Latest Obesity Drug Not Cost-Effective for Adolescents
Among today’s obesity drugs, Wegovy (semaglutide) produces the greatest weight loss in teenagers, but a study by Columbia researchers has found that the trendy obesity drug is not cost-effective at its current price.
“All obesity medications on the market today are effective: They lead to weight reduction and improvements in health,” says Chin Hur, MD, MPH, professor of medicine at the Vagelos College of Physicians and Surgeons and professor of epidemiology at the Mailman School of Public Health.
“But in the context of the U.S. health system, spending on semaglutide is not an efficient use of resources. The slight increase in weight reduction caused by semaglutide compared to a less expensive alternative (top-dose phentermine/topiramate) does not offset semaglutide’s much higher cost when considering cost and effectiveness together.”
Treatment for adolescent obesity
Obesity treatment with drug therapy and lifestyle counseling is now recommended by the American Academy of Pediatrics for adolescents ages 12 years and older with obesity, and several medications have been approved by the U.S. Food and Drug Administration for use in teenagers.
Wegovy, approved in December 2022, was the latest to be authorized, following Saxenda (liraglutide, a drug that targets the same GLP-1 receptor as Wegovy) in July 2022 and Qsymia (a combination of phentermine and topiramate) in 2020.
Until now, no studies have compared the cost-effectiveness of obesity medications in adolescent patients.
“We felt this study was both timely and needed with the recent publication of results from the phentermine/topiramate and semaglutide adolescent clinical trials as well as their recent FDA approvals for adolescents,” says the study’s first author Francesca Lim, MS, a research analyst on Hur’s team within the Columbia Healthcare Innovation Research and Evaluation (HIRE) group.
Long-term data needed
The new study projected the health and cost outcomes of four different obesity drugs—semaglutide, liraglutide, mid-dose phentermine and topiramate, and top-dose phentermine and topiramate—over 13 months, two years, and five years among a hypothetical group of 100,000 adolescents with an initial body mass index of 37.
Only top-dose phentermine/topiramate had an acceptable cost-effectiveness over five years when compared to lifestyle counseling alone. An intervention is generally considered cost-effective in the United States if its incremental cost-effectiveness ratio (ICER) is less than $100,000 per QALY gained. The new study calculated an ICER of $56,876 for top-dose phentermine/topiramate and $1.1 million for semaglutide.
The cost of Wegovy (about $1,400 per month without insurance coverage) would need to be reduced by 85% to match the cost-effectiveness of top-dose Qsymia, the study found.
Lim says the cost-effectiveness of the drugs evaluated in their study could change as more long-term data become available.
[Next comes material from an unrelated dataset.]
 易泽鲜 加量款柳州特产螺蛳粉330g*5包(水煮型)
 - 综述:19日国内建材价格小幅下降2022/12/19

The longest study of weight-loss drugs in adolescents only lasted approximately one year.
“We need data from studies that collect data for 10 to 20 years before we can fully understand the safety, efficacy, and cost-effectiveness of using these medications in adolescents,” she says.
References
The study, titled “Cost-Effectiveness of Pharmacotherapy for the Treatment of Obesity in Adolescents,” was published Aug. 31 in JAMA Network Open.
All authors (from Columbia unless noted): Francesca Lim, Brandon K. Bellows, Sarah Xinhui Tan, Zainab Aziz, Jennifer A. Woo Baidal, Aaron S. Kelly (University of Minnesota), and Chin Hur.
The research was supported by grants from the NIH (K01HL140170, R01HL146782, and K23DK115682).